The reason for this advice is simple the more credit you have available, the broader your Credit utilization ratio, so by eliminating a credit card you lose part of your maximum credit, and the ratio, therefore, becomes less USD.
Check your credit reports frequently
There are three credit reporting bureau, Equifax, TransUnion, and Experian. You must evaluate the reports they offer you from time to time and verify that all the detailed information is correct.
It is also important that you open a dispute in case there is any error or anomaly regarding the information so that it can be corrected immediately.
Don’t apply for more than one credit at a time
Okay, while your credit cards help make it easier to maintain a Credit utilization ratio at an adequate percentage, loans negatively affect your Credit score by creating what is known as a hard inquiry.
These applications, rejected or not, will stay on your record for 2 years, and the possibility of being rejected if you already have another open credit is quite high.
Therefore, improving your Credit Score quickly is not necessarily impossible but it is necessary to take into consideration your behavior and financial habits so that you can make better decisions and attitudes that increase your three digits.
In some cases you will need more time to recover and clear your history, however, if so far you have not entered any negative elements to your Score, it is advisable to simply establish patterns of behavior.
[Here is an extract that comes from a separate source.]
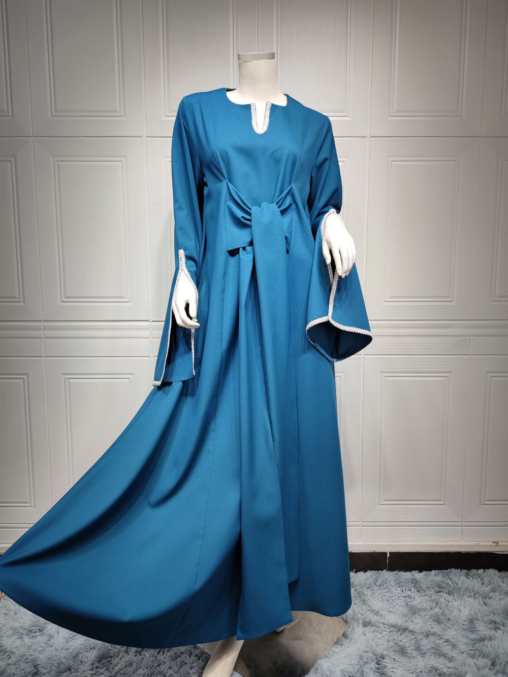 Blue Maxi Dubai Evening Party Formal Dress Ramadan Abayas For Women Muslim Islam Kaftan Jalabiya Clothing Long Sleeves

So let’s close this blog with a few final tips:
- Establish fixed payment patterns so that you never fall behind in paying your bills or debts.
- Make sure you don’t open two credit accounts at the same time.
- Use your credit cards only when necessary or you can make an immediate payment so that it does not affect your credit utilization ratio.
Finally, we recommend you to gradually build up an emergency fund.
This will have a double function: firstly, it will support you so that you don’t have to depend on your available credit, and secondly, it will work to improve your cash flow when calculating your financial status.